Date: 6 February 2019  

Version: 3.1


This guide summarises the steps to be performed on the data of an experiment after correlation (fron when you receive the Yellow Folder until you distribute the data to the PI).

Bullet points:
- Check the quality of the data and convert them into an appropiate format.
- Run the EVN pipeline.
- Archive the data and contact the PI.


## General information

### Computers used along the procedure

- *ccsbeta*: where the correlator control files are located.
- *eee2* (10.88.0.7): where all the information and results for the experiment are saved.
This computer replaces the old *eee*, which still contains information for relatively old experiments.
- *jop83*: where the EVN pipeline and archive live.
- *vlbeer*: the ftp server where all stations put their local files (*log*, *antab*, *uvflg*,…) containing the information for each experiment.

The wiki contains this document and other information:
http://www.jive.eu/jivewiki/doku.php?id=evn:supportscientists#problem_list_per_session
A summary of tools mentioned in this guide exists here:
http://www.jive.eu/jivewiki/doku.php?id=supportsci:tools

### Definitions in this document

- Anything between {} means text or a word that needs to be replaced according to your experiment.

- _exp_ indicates the experiment name in lowercase (e.g. eg054g).

- _EXP_ indicates the experiment name in uppercase (e.g.

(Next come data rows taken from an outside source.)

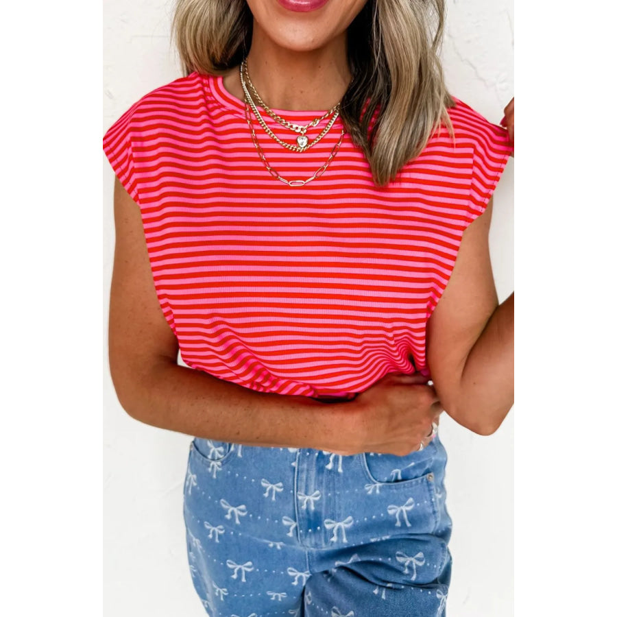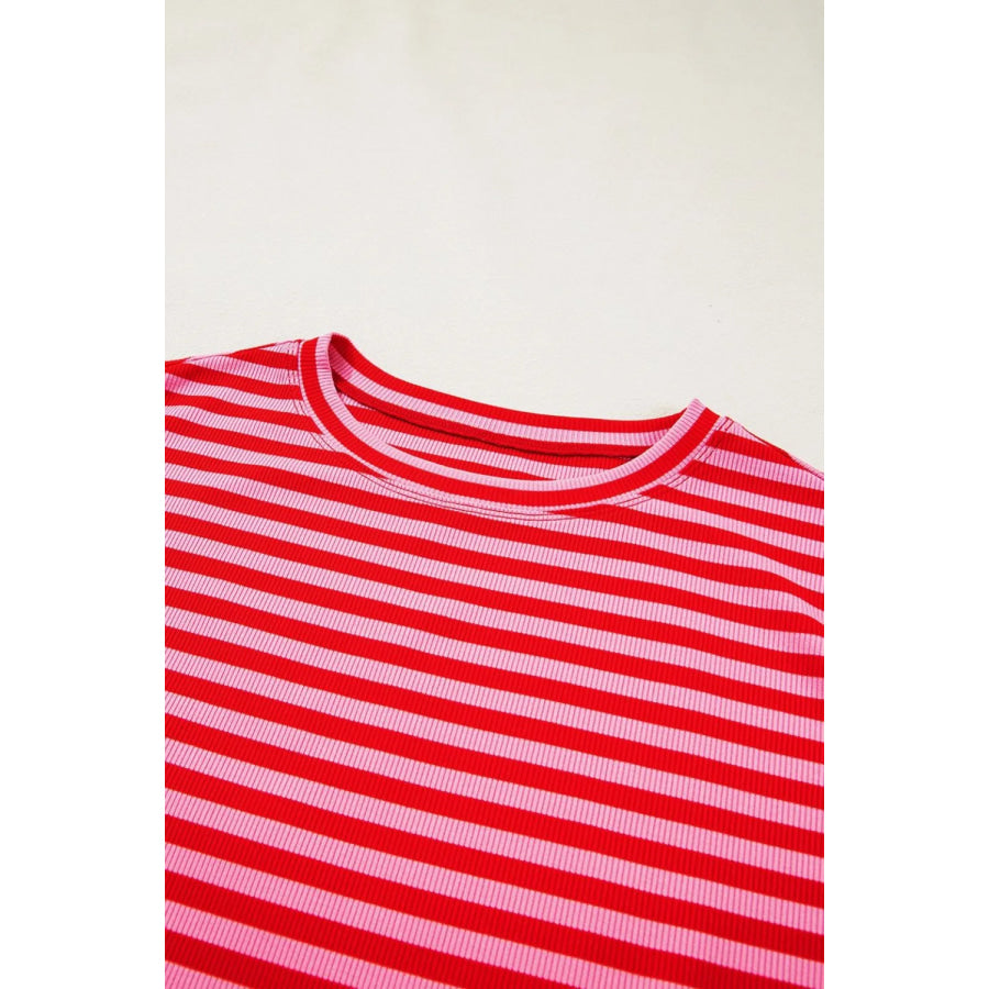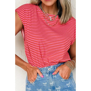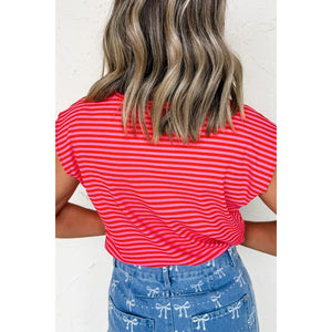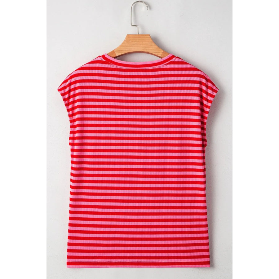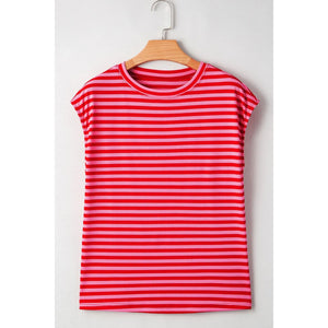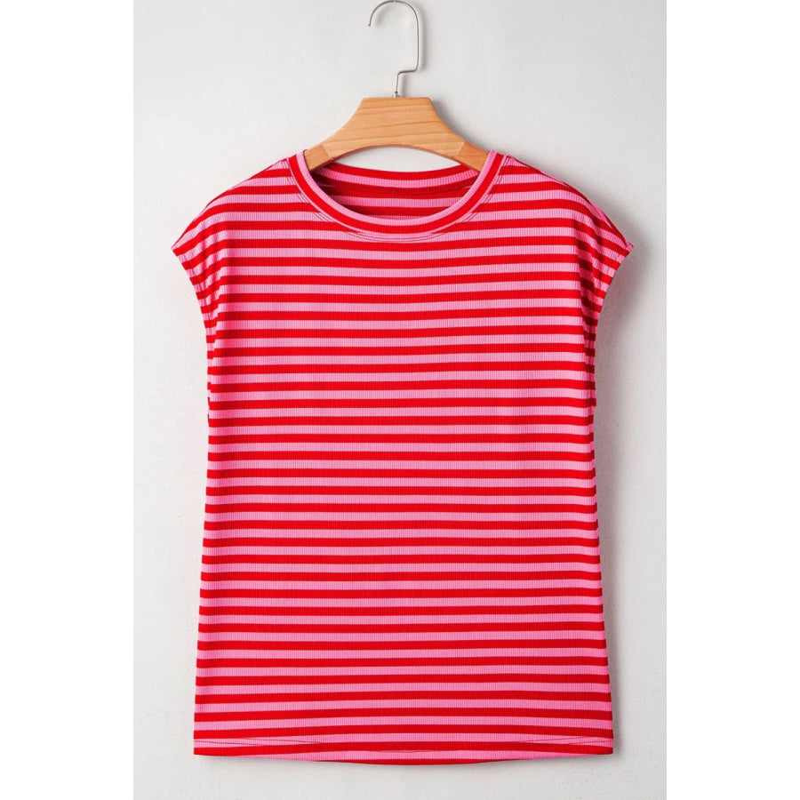 Stripe Ribbed Cap Sleeve Round Neck T Shirt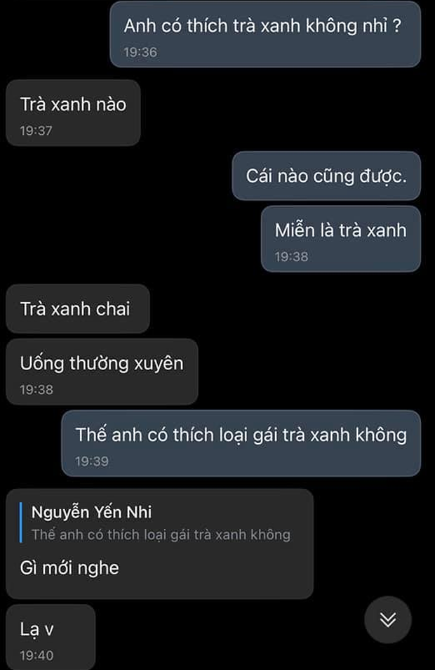 Không biết anh chàng này có biết nghĩa bóng của từ "trà xanh" đang được lan truyền không nhưng đáp án anh chàng đưa ra hẳn đã làm cô bạn gái vui lắm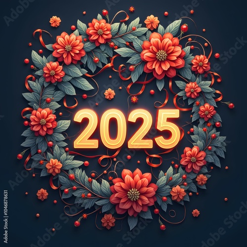 Glowing 2025 New Year Sign in Snowy Forest - Festive Winter Wonderland Celebration

EG054G).

### V*x files

These files (.vex/.vax/.vix/.vexfile) are *almost* the same file. They are all vex format. They contain the full information for an experiment. Initially created from SCHED, they are used by the stations during the observations, and by the correlator to produce the interferometric data. The differences between the slightly different extensions are:

- **vex**: Is the file created by SCHED (i.e. the one updated to _vlbeer_ to be loaded by the stations).
- **vax**: Same file, but now the clock section has been added, and also the specific epoch. It is meant for rapid correlation control (e.g. for FTPs in NMEs).
- **vexfile**: Is the output of log2vex (it can contain some minor changes with respect to the *vax* file).
- **vix**: is the version that went through the correlator for production correlation (e.g. can have the clock section updated with respect to the previous one, and changes requested by PIs such as new source coordinates).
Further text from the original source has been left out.